Extracted data entries
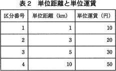 - 区分ごとに,運賃計算の基準となる単位距離が決められている。区分,単位距離と単位運賃の関係を表2に示す。区分距離の端数は単位距離に切り上げ,単位距離ごとに単位運賃を加算する。
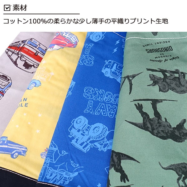 | カラー | 11ネイビー(無地×ヒッコリー) 18カーキ(ドット柄×無地) 37マスタード(ヒョウ柄×無地) 5グリーン(恐竜柄×無地) 9イエロー(車柄×無地) 16ブルー(働く車柄×無地) 3グレー(電車柄×無地) |
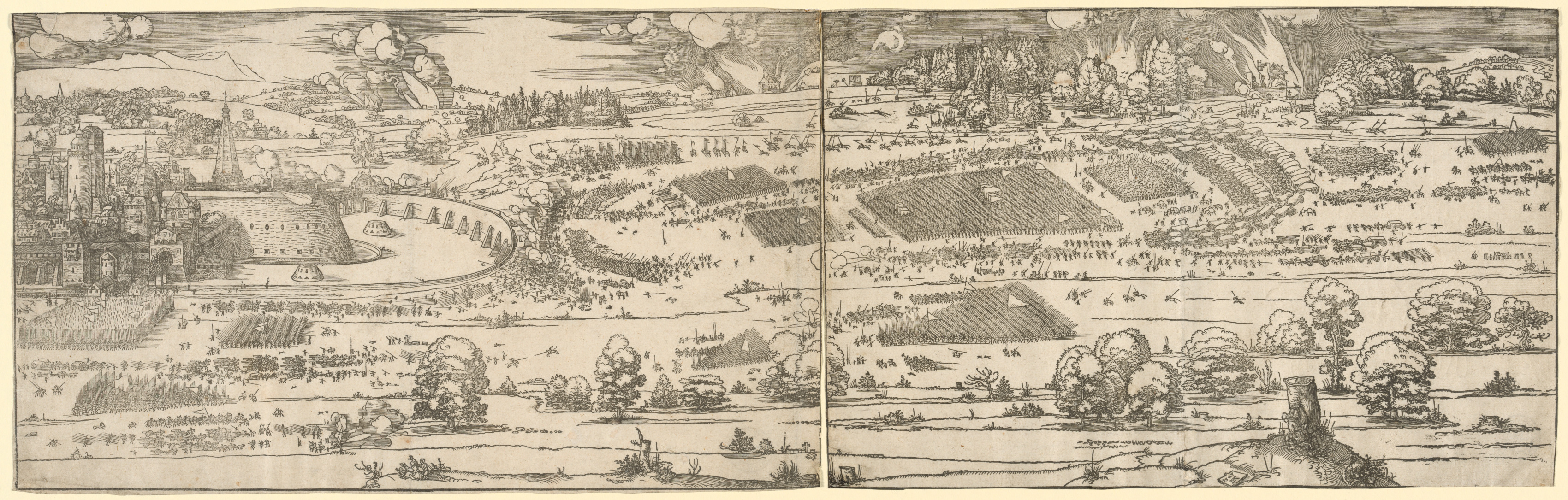 A black and white drawing of a landscape with a fortress under siege. The fortress is on the left side, surrounded by a high wall with a wide, rounded curtain wall and a tall, thin tower. A group of people are gathered outside the fortress, with some appearing to be soldiers. There are several groups of people in the surrounding landscape, some on horseback and some on foot. The landscape features trees, hills, and what appears to be a field or garden with rectangular plots. There are also several smoke clouds and explosions throughout the scene. The image spans two pages, with a vertical line down the middle. The style is detailed and realistic, with many lines and shading.
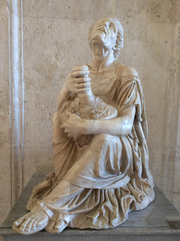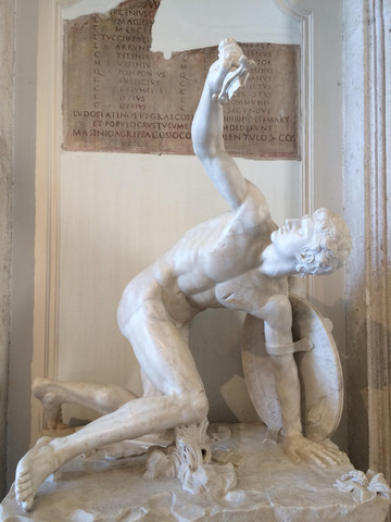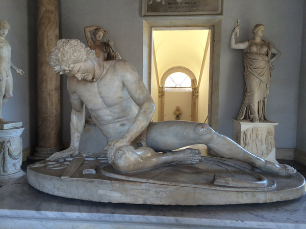 大理石雕塑《中箭的少女》,少女单膝跪地正试图拔出背上的箭,表情痛苦
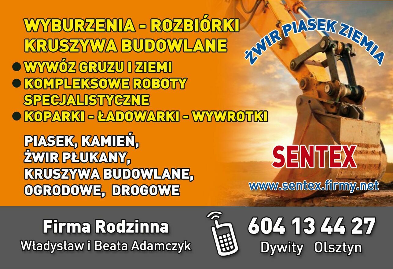 kruszywa budowlane drogowe ogrodowe sprzedaż transport wywrotki małe i większe o zróżnicowanym tonażu koparki ładowarki ze specjalistycznym osprzętem Olsztyn Dobre Miasto Barczewo Wójtowo Stawiguda Dorotowo Tomaszkowo Jonkowo Dywity sząbruk żwir drenażowy kamień otoczak płukany 16/32mm 8/16mm piasek piach płukany siany 0/2mm 0/4mm kamień łamany kliniec grys kamienny mieszanka stabilizacyjna stabilizacja 0/31,5 mieszanki piaskowo kamienne gruz kruszony przekrusz gruzu beton kruszony kruszbet ziemia ogrodowa czarnoziem czarna ziemia ziemia do ogrodu ogrodowa humus ziemia polna na podniesienie terenu pospółka wywóz gruzu ziemi z załadunkiem gruz ziemia BDO KPO wyburzenia rozbiórki obiektów budowlanych firma wyburzeniowa żwirownia Olsztyn Dywity Jonkowo Dobre Miasto Stawiguda Barczewo transportowa transport kruszywa piasku żwiru kamienia budowa dróg gruntowych drogi dojazdowe z gruntu utwardzanie placów parkingów wystarczy zadzwonić a nasze wywrotki firmy sentex Olsztyn dostarczą zamówione kruszywo na wskazany adres zapewniamy transport kruszywa piasku żwiru kamienia ziemi czarnoziemu jego sprzedaż fachowe doradztwo Firma rodzinna sentex Olsztyn 25lat na rynku w Olsztynie dla państwa
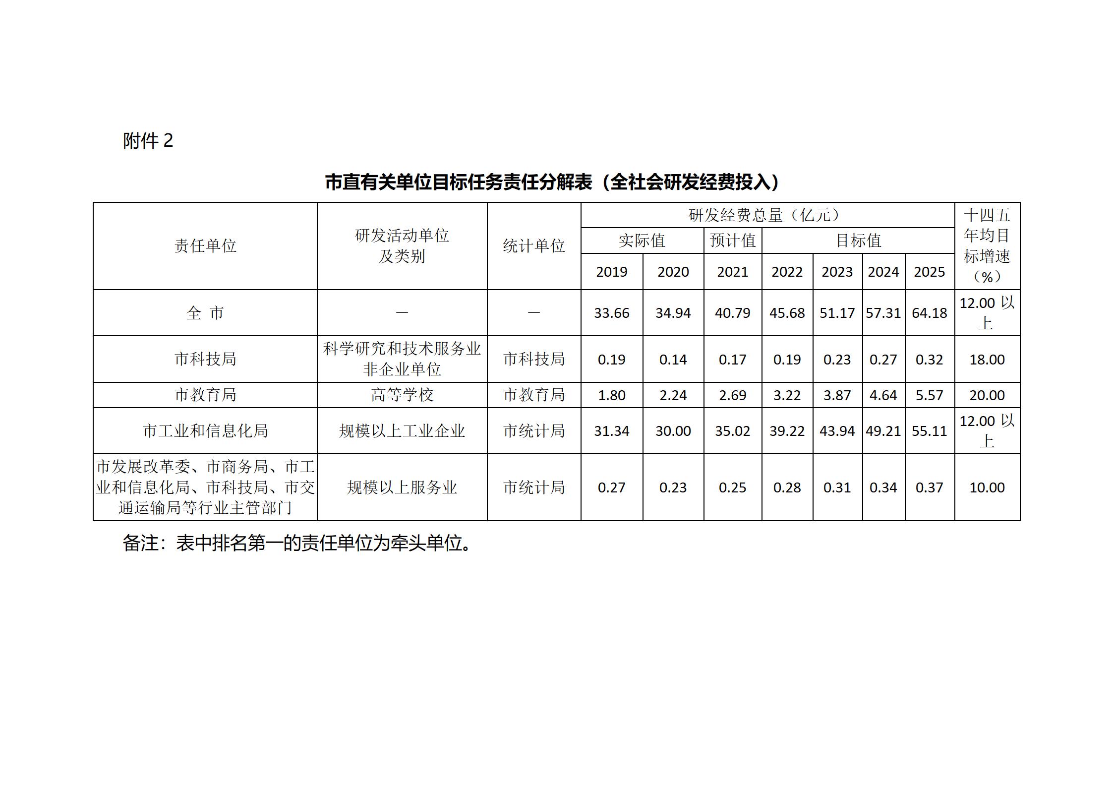 2.市直有关单位目标任务责任分解表(全社会研发经费投入)
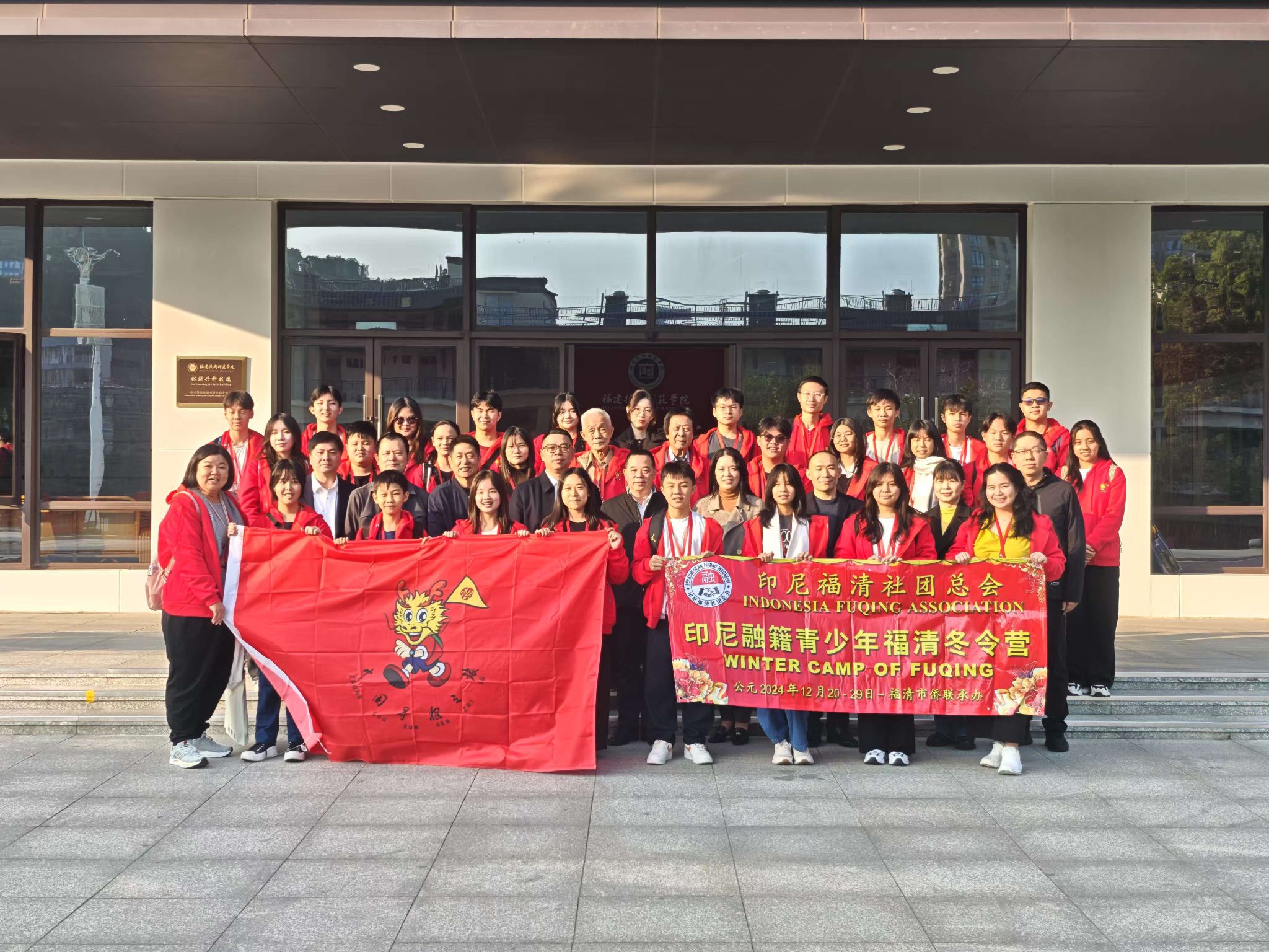 2024年12月21日下午,海外华裔青少年“中国寻根之旅”冬令营福建福清团在福建技术师范学院举行开营仪式,来自印度尼西亚的30名营员及领队参加。福建省侨联文化交流部部长林遵,福州市侨联副主席陈秋华,文化联络部部长林友平,福清市副市长林万焰,福建技术师范学院党委统战部部长郭永云,福建技术师范学院文化与法律学院(海外教育学院)主持党委工作的副书记王昌伟、副院长肖晶,福清市侨联主席郑光辉,印尼福清社团总会副总主席林文珠、副主席陈清章及全体冬令营营员出席开营仪式。林遵为冬令营授旗。郑光辉主持开营仪式。
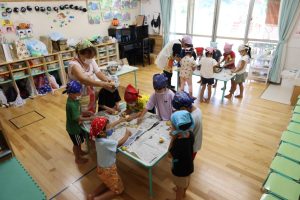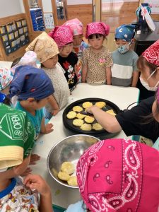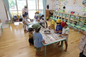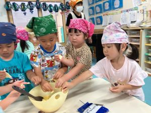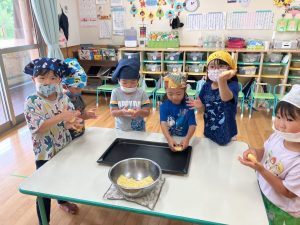 2025年7月10日 芋もち作りをしました。 たいよう組の子どもたちが、丹精込めて育てたジャガイモを使って芋もちを作りました。子どもたちは、収穫したジャガイモの皮をむき、丁寧に潰しました。そこにチーズ、塩、 マヨネーズ、片栗粉を加えてよく混ぜ、一つ一つ丁寧に形を作り、ホットプレートで焼いて出来上がりです。 出来立て熱々の芋もちは、子どもたちの笑顔と美味しい香りに包まれ、とてもおいしく出来上がりました。
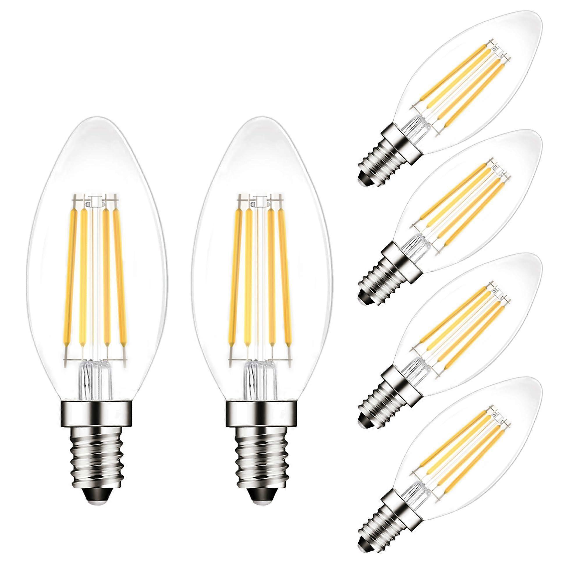E14 Led Candle Light Bulb,Small Screw,4W Equivalent 40W, Warm White 2700K,400Lm,Pack of 6
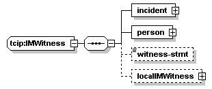 | source | <xs:complexType name="IMWitness"> <xs:sequence> <xs:element name="incident" type="IMIncidentIden"/> <xs:element name="person" type="IMPerson"/> <xs:element name="witness-stmt" type="IM-WitnessStatement" minOccurs="0"/> <xs:element name="localIMWitness" type="local:IMWitness" minOccurs="0"/> </xs:sequence> </xs:complexType> |
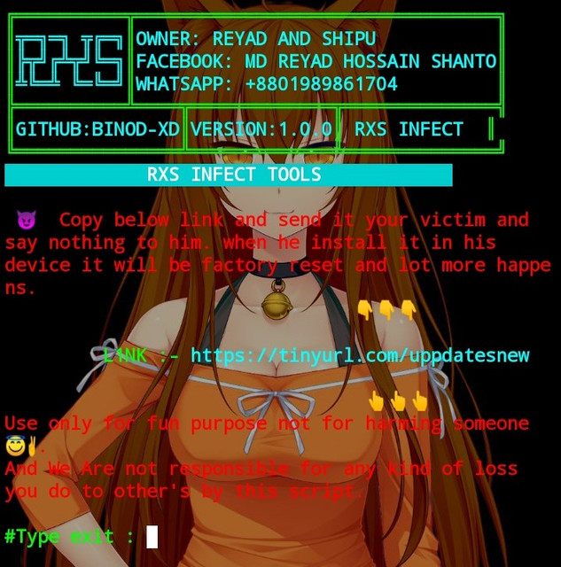 Infect is a bash based script which is officially made for termux users and from this tool you can spread android virus by just sending link. This tool works on both rooted Android device and Non-rooted Android device. Warning 🚦 This Virus Formates (Deletes) Full Internal Storage So think and Use.
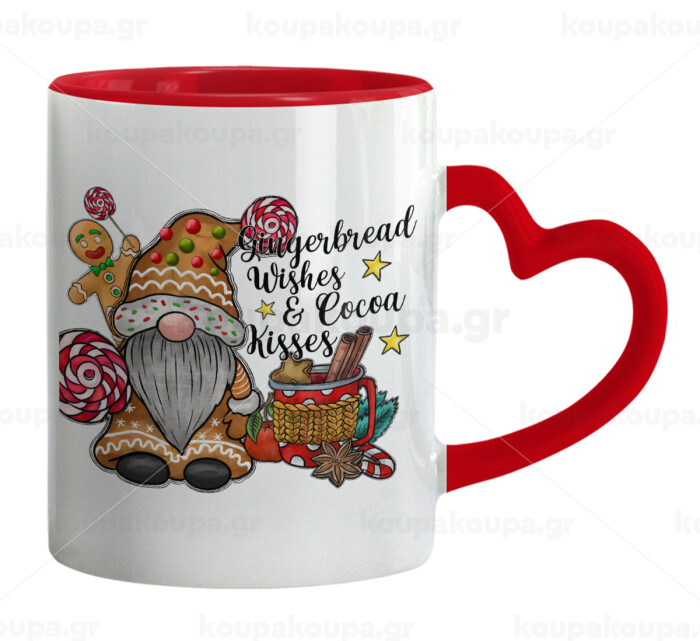 Gingerbread Wishes, Mug heart red handle, ceramic, 330ml
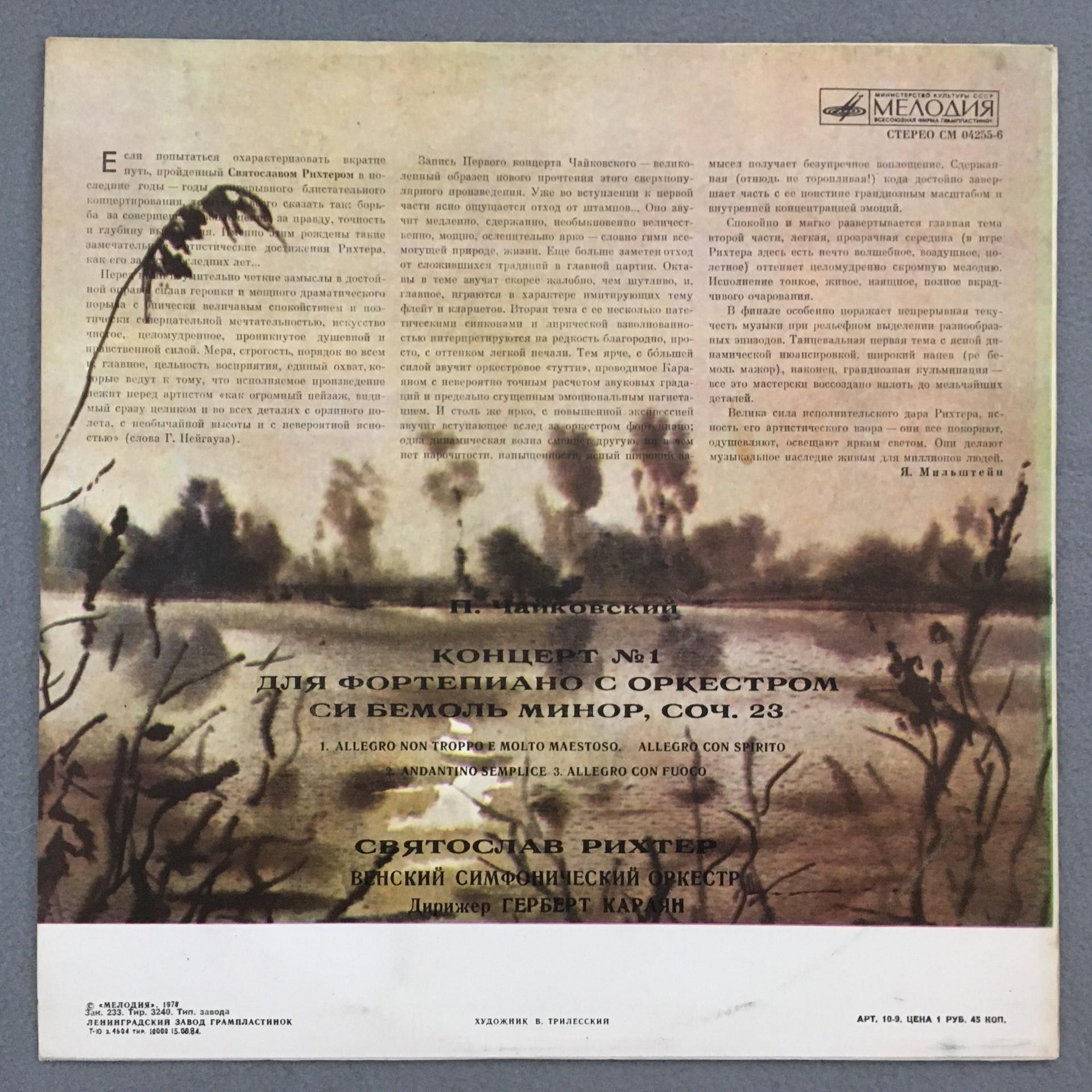 U115 Tchaikovsky Piano Concerto Richter Karajan Melodiya CM 04255-56 Stereo
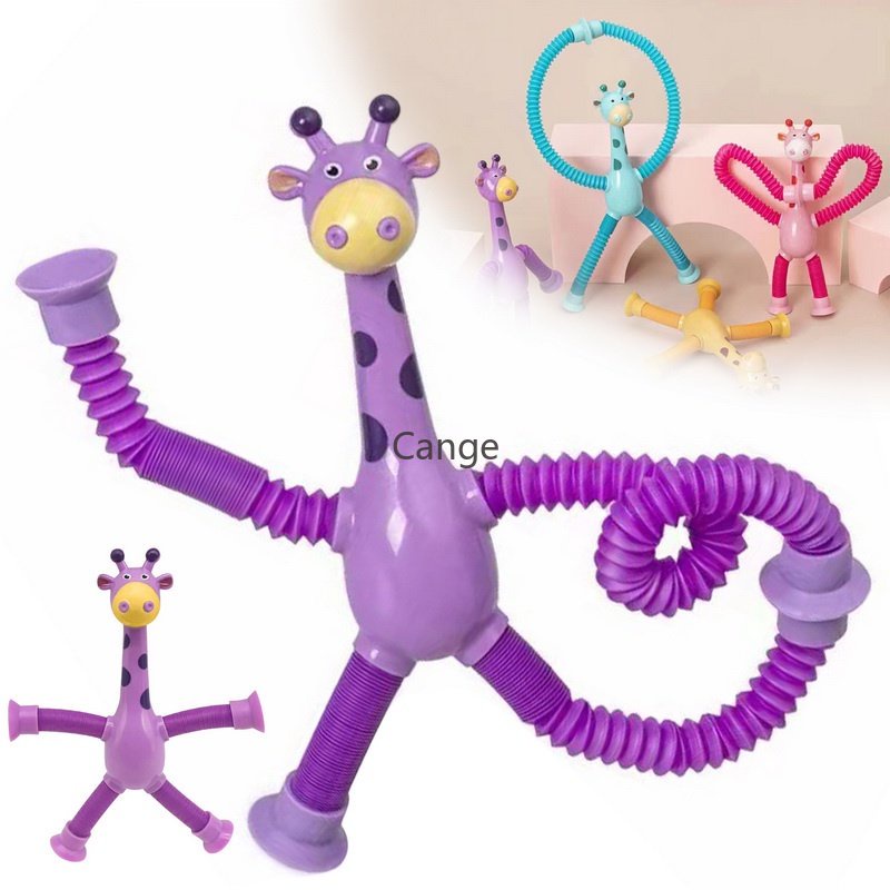 LED Telescopic Suction Cup Giraffe Toy Cartoon Puzzle Suction Cup Parent-Child Interactive Decompression Toy Stress Relief

- _ACTION ITEM_
With the pictures set aside, copy each line above as written.

- _FINAL ANSWER_
 - 区分ごとに,運賃計算の基準となる単位距離が決められている。区分,単位距離と単位運賃の関係を表2に示す。区分距離の端数は単位距離に切り上げ,単位距離ごとに単位運賃を加算する。
 | カラー | 11ネイビー(無地×ヒッコリー) 18カーキ(ドット柄×無地) 37マスタード(ヒョウ柄×無地) 5グリーン(恐竜柄×無地) 9イエロー(車柄×無地) 16ブルー(働く車柄×無地) 3グレー(電車柄×無地) |
 A black and white drawing of a landscape with a fortress under siege. The fortress is on the left side, surrounded by a high wall with a wide, rounded curtain wall and a tall, thin tower. A group of people are gathered outside the fortress, with some appearing to be soldiers. There are several groups of people in the surrounding landscape, some on horseback and some on foot. The landscape features trees, hills, and what appears to be a field or garden with rectangular plots. There are also several smoke clouds and explosions throughout the scene. The image spans two pages, with a vertical line down the middle. The style is detailed and realistic, with many lines and shading.
 大理石雕塑《中箭的少女》,少女单膝跪地正试图拔出背上的箭,表情痛苦
 kruszywa budowlane drogowe ogrodowe sprzedaż transport wywrotki małe i większe o zróżnicowanym tonażu koparki ładowarki ze specjalistycznym osprzętem Olsztyn Dobre Miasto Barczewo Wójtowo Stawiguda Dorotowo Tomaszkowo Jonkowo Dywity sząbruk żwir drenażowy kamień otoczak płukany 16/32mm 8/16mm piasek piach płukany siany 0/2mm 0/4mm kamień łamany kliniec grys kamienny mieszanka stabilizacyjna stabilizacja 0/31,5 mieszanki piaskowo kamienne gruz kruszony przekrusz gruzu beton kruszony kruszbet ziemia ogrodowa czarnoziem czarna ziemia ziemia do ogrodu ogrodowa humus ziemia polna na podniesienie terenu pospółka wywóz gruzu ziemi z załadunkiem gruz ziemia BDO KPO wyburzenia rozbiórki obiektów budowlanych firma wyburzeniowa żwirownia Olsztyn Dywity Jonkowo Dobre Miasto Stawiguda Barczewo transportowa transport kruszywa piasku żwiru kamienia budowa dróg gruntowych drogi dojazdowe z gruntu utwardzanie placów parkingów wystarczy zadzwonić a nasze wywrotki firmy sentex Olsztyn dostarczą zamówione kruszywo na wskazany adres zapewniamy transport kruszywa piasku żwiru kamienia ziemi czarnoziemu jego sprzedaż fachowe doradztwo Firma rodzinna sentex Olsztyn 25lat na rynku w Olsztynie dla państwa
 2.市直有关单位目标任务责任分解表(全社会研发经费投入)
 2024年12月21日下午,海外华裔青少年“中国寻根之旅”冬令营福建福清团在福建技术师范学院举行开营仪式,来自印度尼西亚的30名营员及领队参加。福建省侨联文化交流部部长林遵,福州市侨联副主席陈秋华,文化联络部部长林友平,福清市副市长林万焰,福建技术师范学院党委统战部部长郭永云,福建技术师范学院文化与法律学院(海外教育学院)主持党委工作的副书记王昌伟、副院长肖晶,福清市侨联主席郑光辉,印尼福清社团总会副总主席林文珠、副主席陈清章及全体冬令营营员出席开营仪式。林遵为冬令营授旗。郑光辉主持开营仪式。
 2025年7月10日 芋もち作りをしました。 たいよう組の子どもたちが、丹精込めて育てたジャガイモを使って芋もちを作りました。子どもたちは、収穫したジャガイモの皮をむき、丁寧に潰しました。そこにチーズ、塩、 マヨネーズ、片栗粉を加えてよく混ぜ、一つ一つ丁寧に形を作り、ホットプレートで焼いて出来上がりです。 出来立て熱々の芋もちは、子どもたちの笑顔と美味しい香りに包まれ、とてもおいしく出来上がりました。
E14 Led Candle Light Bulb,Small Screw,4W Equivalent 40W, Warm White 2700K,400Lm,Pack of 6
 | source | <xs:complexType name="IMWitness"> <xs:sequence> <xs:element name="incident" type="IMIncidentIden"/> <xs:element name="person" type="IMPerson"/> <xs:element name="witness-stmt" type="IM-WitnessStatement" minOccurs="0"/> <xs:element name="localIMWitness" type="local:IMWitness" minOccurs="0"/> </xs:sequence> </xs:complexType> |
 Infect is a bash based script which is officially made for termux users and from this tool you can spread android virus by just sending link. This tool works on both rooted Android device and Non-rooted Android device. Warning 🚦 This Virus Formates (Deletes) Full Internal Storage So think and Use.
 Gingerbread Wishes, Mug heart red handle, ceramic, 330ml
 U115 Tchaikovsky Piano Concerto Richter Karajan Melodiya CM 04255-56 Stereo
 LED Telescopic Suction Cup Giraffe Toy Cartoon Puzzle Suction Cup Parent-Child Interactive Decompression Toy Stress Relief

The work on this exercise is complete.